But then I burst through the door, and I’d seen the adoration in her blue eyes, scented that familiar smell of lilac and rosebuds, heard the longing in her voice…
That Fates-cursed mating bond had sunk its hooks into my beating flesh, and my heart had faltered.
My love for Ellie had faltered.
And I wasn’t sure if I could live with myself knowing that.
So I left the seedy bar and wandered into the woods.
It was first light by the time I arrived, the glowing sun making its appearance, the silvery moon finally slipping past the horizon.
My father hadn’t wanted to bury him here, not initially. No, my father had wanted pomp and circumstance in the gravestone that would honor my brother, honor his heir.
I’d convinced him otherwise.
It was the first request he’d ever granted me.
I’d been shocked when he agreed, thinking the grief of my brother’s loss must have altered something ancient in him.
It hadn’t in the end, unless you counted being more irritable, but that didn’t matter so much.
I’d asked him to bury Jerad back here, and he’d let me.
In the center of the castle grounds, there was a casket in a tomb large enough to pass for the resting place of a Fate, but the casket was empty.

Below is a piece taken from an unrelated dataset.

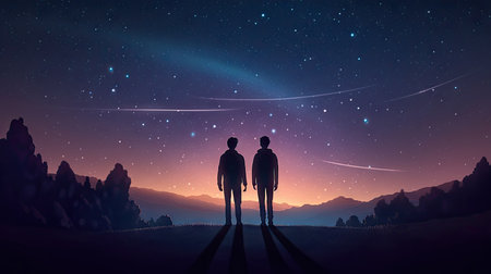 silhouette of a couple with their backs turned, standing on top of a hill, witnessing the beauty of a meteor shower in the night sky generative ai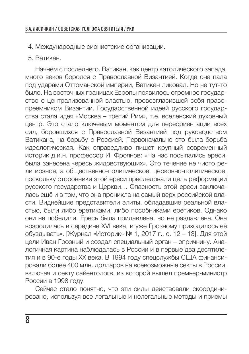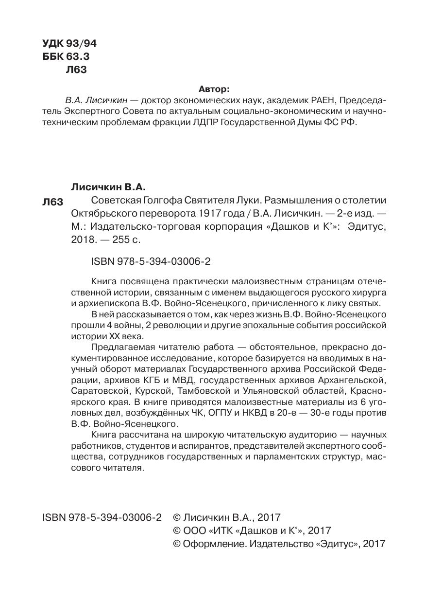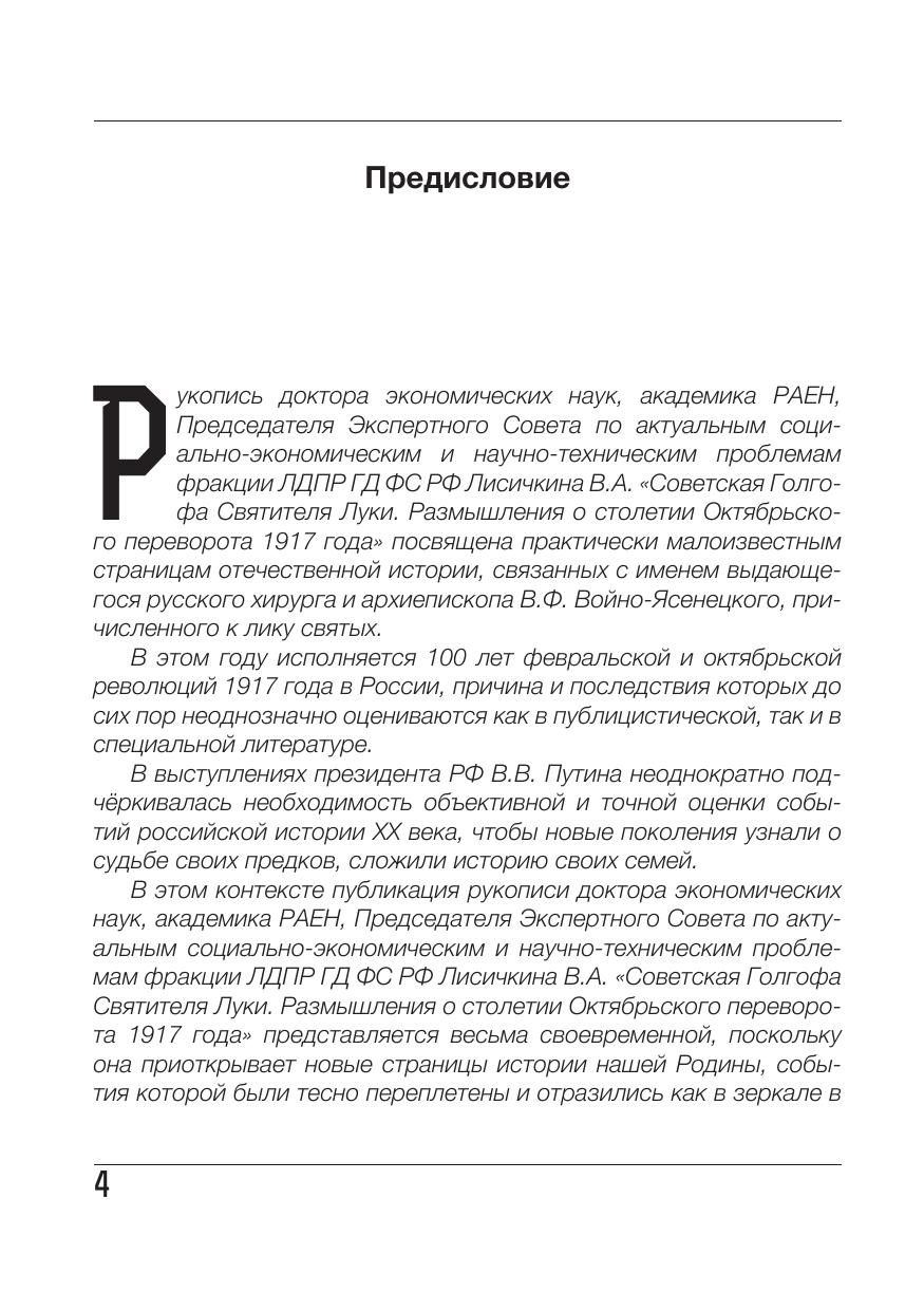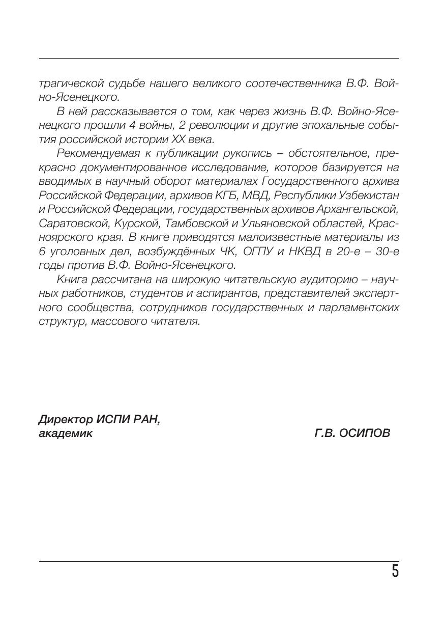 Книга посвящена практически малоизвестным страницам отечественной истории, связанным с именем выдающегося русского хирурга и архиепископа В.Ф. Войно-Ясенецкого, причисленного к лику святых. В ней рассказывается о том, как через жизнь В.Ф. Войно-Ясенецкого прошли 4 войны, 2 революции и другие эпохальные события российской истории XX века. Предлагаемая читателю работа — обстоятельное, прекрасно документированное исследование, которое базируется на вводимых в научный оборот материалах Государственного архива Российской Федерации, архивов КГБ и МВД, государственных архивов Архангельской, Саратовской, Курской, Тамбовской и Ульяновской областей, Красноярского края. В книге приводятся малоизвестные материалы из 6 уголовных дел, возбуждённых ЧК, ОГПУ и НКВД в 20-е — 30-е годы против В.Ф. Войно-Ясенецкого. Книга рассчитана на широкую читательскую аудиторию — научных работников, студентов и аспирантов, представителей экспертного сообщества, сотрудников государственных и парламентских структур, массового читателя.

My brother lay here, far away from tourists and prying eyes and citizens who liked to gossip and speculate about just how exactly my brother had died.
My father had granted me few gifts in my life.
If I had to pick just one, this would have been it.
His gravestone was simple, only his familial nickname carved into its face, lest someone stumble upon in and realize who was buried there.
Jed
A Son, A Brother, A Friend
I settled into the earth and dug my fingers into the soil. Something about the feel of earth between my fingers made me feel connected to him, like he’d returned to being part of the earth and was sitting here with me, just with another form, another purpose.
I could work with that.
“I keep messing up, Jerad.”
Is that anything new? I could imagine his voice, the low timbre that never let anything provoke it. Could hear it like he was speaking to me now.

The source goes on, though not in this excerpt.